What to do: All that is wanted is the exact lines from the first line of the data below through the line with "白樺の木をイメージしたオリジ", both ends included, with pictures omitted.

Extracted material:
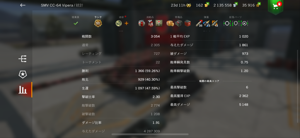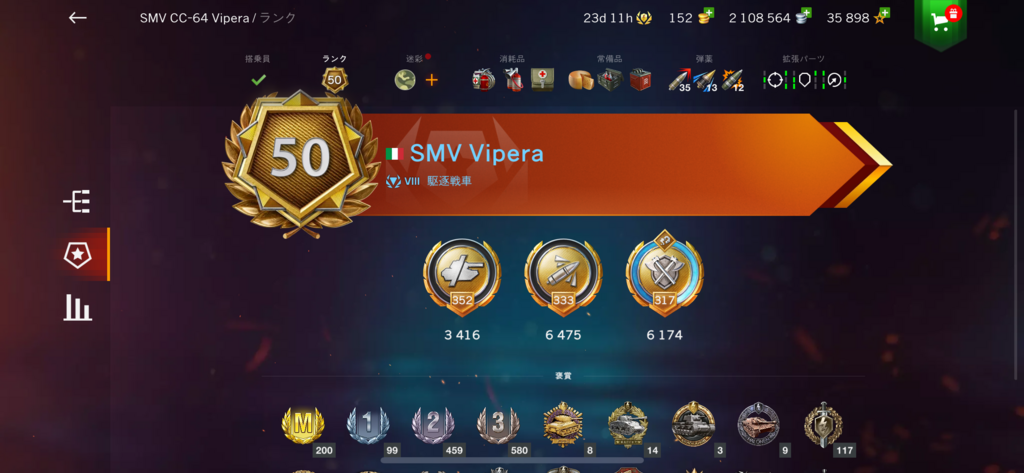 箱から出たので使った見た使用感。見た目は初期砲塔に大トロ仕様。装甲厚は砲塔と車体正面はツリーのCC64より薄め。1番の違いは攻撃面。CC64が320×3発に対しViperaは400×2発。単発運用をした場合、Viperaの方が打撃力がある。弾倉撃ち切り時の初段装填は20秒。CC64よりは3秒ほど早い。機動力は大きな違いなし。
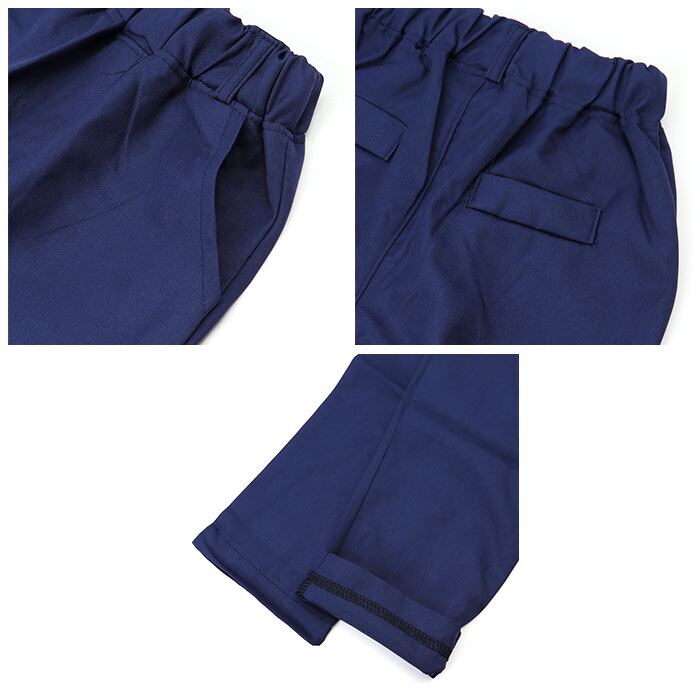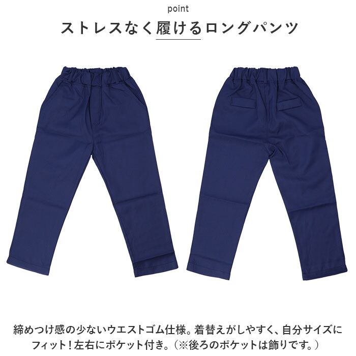 ・締めつけ感の少ないウエストゴム仕様。着替えがしやすく、自分サイズにフィット!左右にポケット付き。(※後ろのポケットは飾りです。)
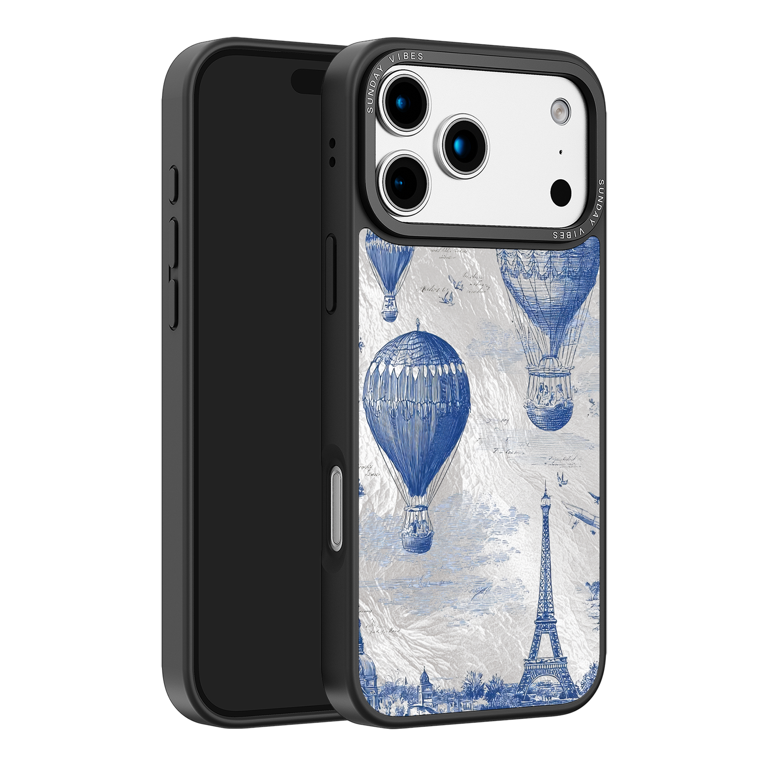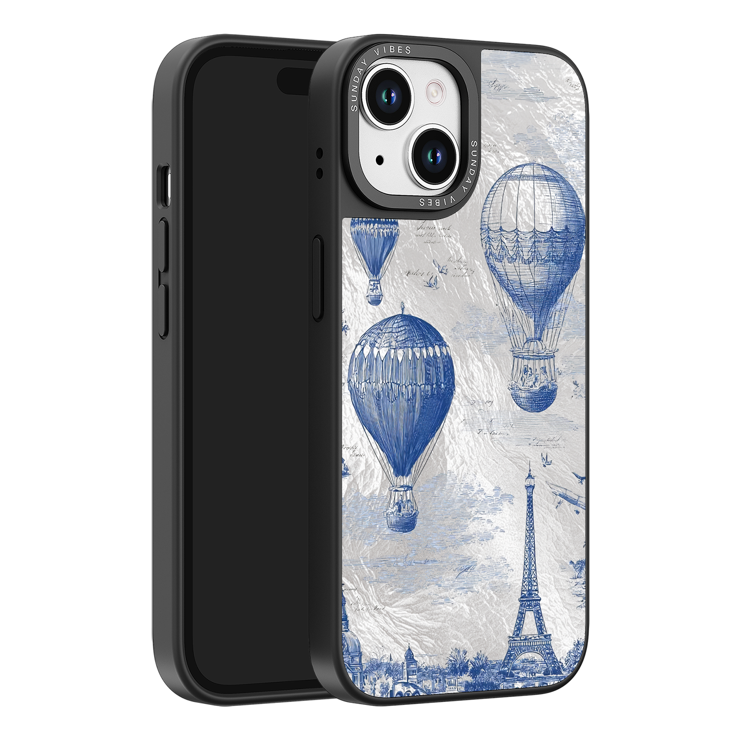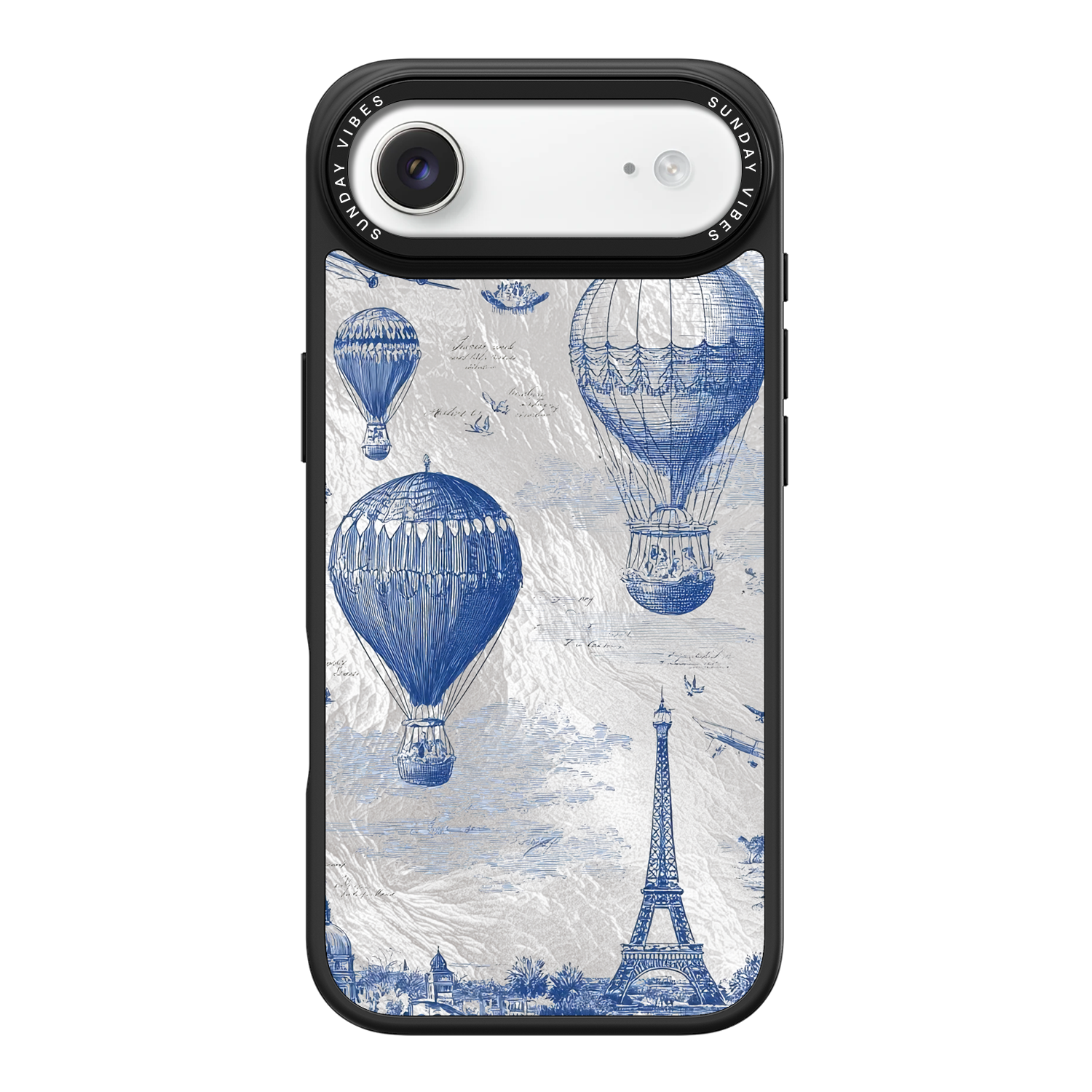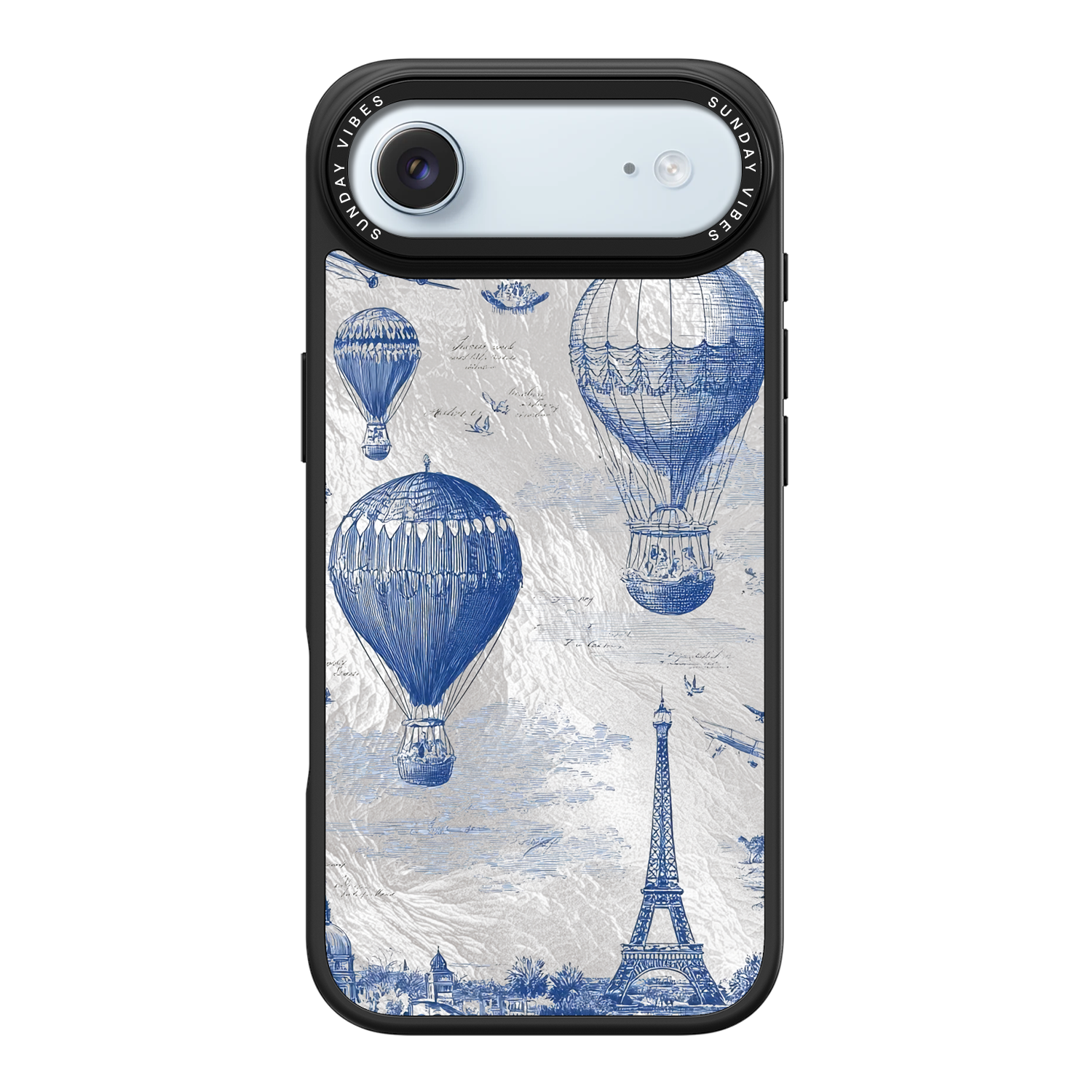 Step into the timeless romance of travel with the Paris Dreams iPhone Case. This exquisite design showcases a detailed blue toile print of hot air balloons drifting above the Parisian skyline, instantly transporting you to the City of Light. The stunning imagery is set against a dramatically textured, silver holographic background that shimmers and shifts, perfectly blending old-world elegance with a contemporary metallic aesthetic. The case's structural integrity is delivered via a premium 3-layer back panel: featuring a base holographic layer with texture, a middle ultra HD gallery print layer, and a velvet smooth anti-scratch and anti-fingerprint top coating.
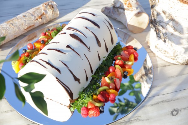 白樺の木をイメージしたオリジナルケーキです。白樺の木を模したケーキを切ると中からはほんのり甘い「白樺樹液のジュレ」が出てきます。ケーキの味わいは、北海道を象徴するチーズやハスカップです。
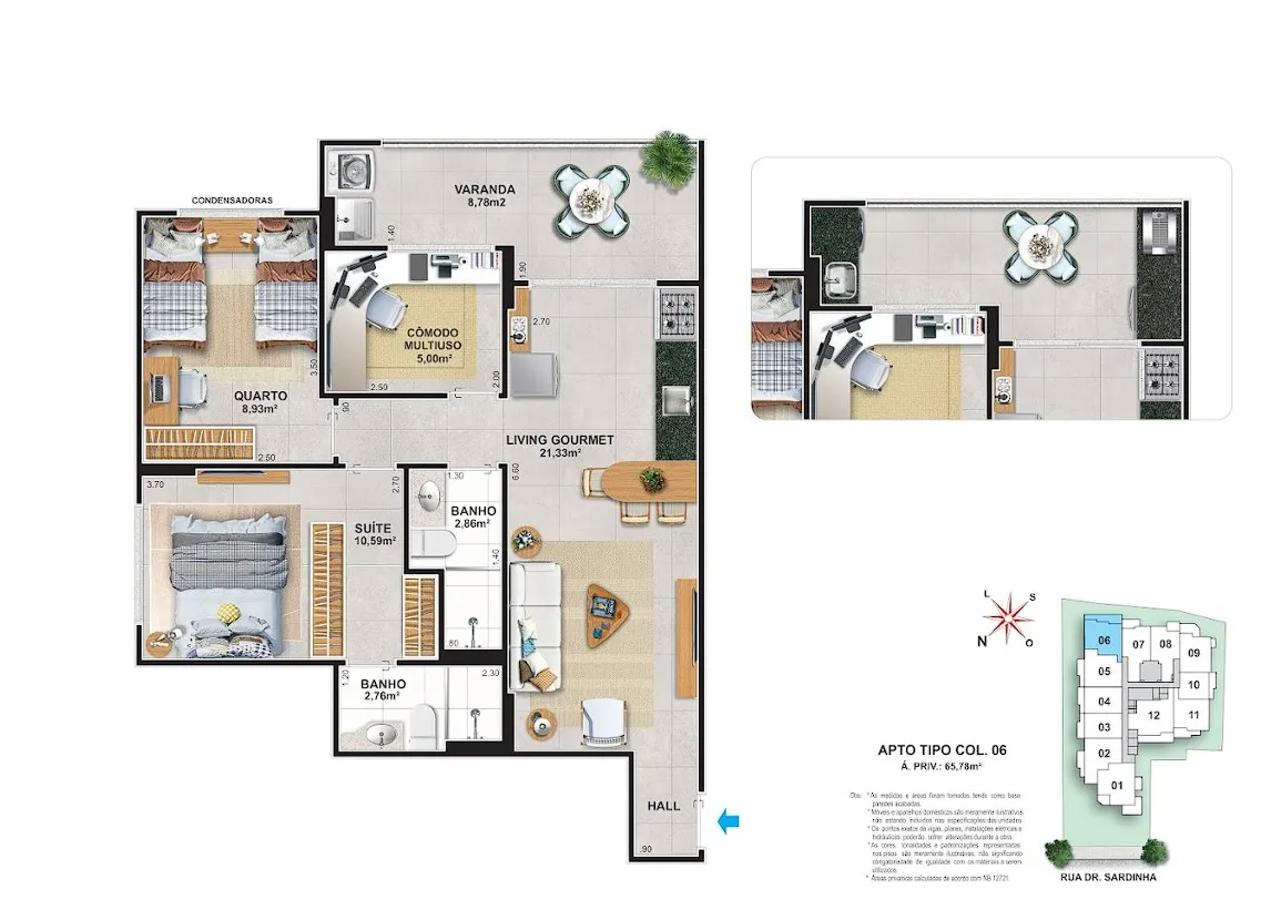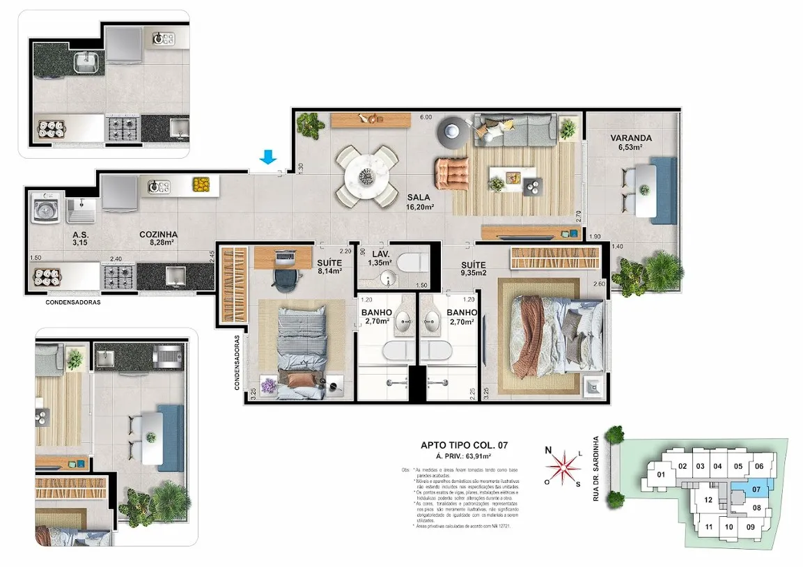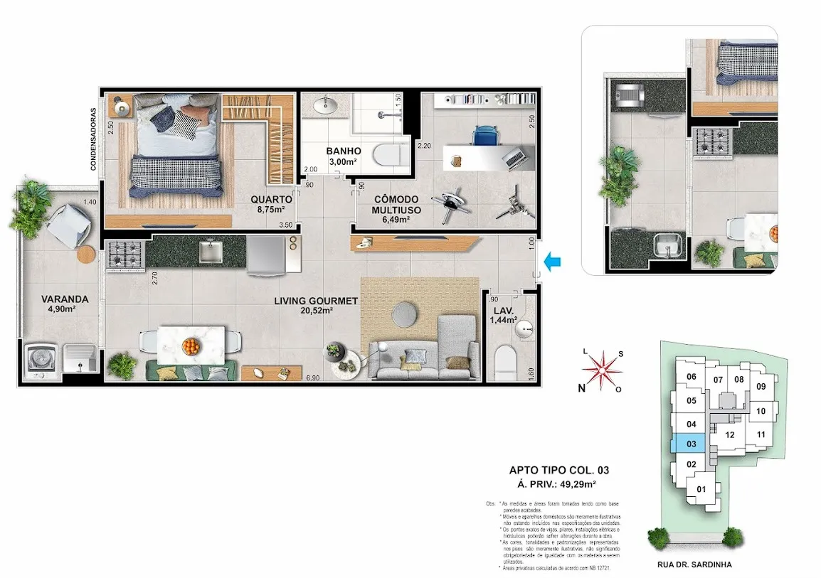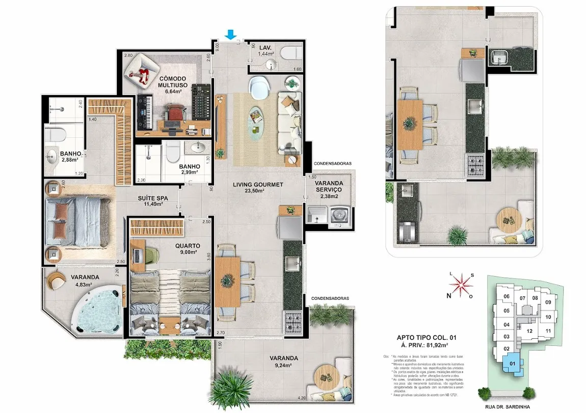 - Varanda Gourmet: kit vendido separadamente, contendo bancada com churrasqueira tipo cooktop a gás e bancada com tanque inox nas áreas de serviço. Nas colunas 01, 07 e 08, o kit incluirá também uma pia na bancada da churrasqueira

Task output:
 箱から出たので使った見た使用感。見た目は初期砲塔に大トロ仕様。装甲厚は砲塔と車体正面はツリーのCC64より薄め。1番の違いは攻撃面。CC64が320×3発に対しViperaは400×2発。単発運用をした場合、Viperaの方が打撃力がある。弾倉撃ち切り時の初段装填は20秒。CC64よりは3秒ほど早い。機動力は大きな違いなし。
 ・締めつけ感の少ないウエストゴム仕様。着替えがしやすく、自分サイズにフィット!左右にポケット付き。(※後ろのポケットは飾りです。)
 Step into the timeless romance of travel with the Paris Dreams iPhone Case. This exquisite design showcases a detailed blue toile print of hot air balloons drifting above the Parisian skyline, instantly transporting you to the City of Light. The stunning imagery is set against a dramatically textured, silver holographic background that shimmers and shifts, perfectly blending old-world elegance with a contemporary metallic aesthetic. The case's structural integrity is delivered via a premium 3-layer back panel: featuring a base holographic layer with texture, a middle ultra HD gallery print layer, and a velvet smooth anti-scratch and anti-fingerprint top coating.
 白樺の木をイメージしたオリジナルケーキです。白樺の木を模したケーキを切ると中からはほんのり甘い「白樺樹液のジュレ」が出てきます。ケーキの味わいは、北海道を象徴するチーズやハスカップです。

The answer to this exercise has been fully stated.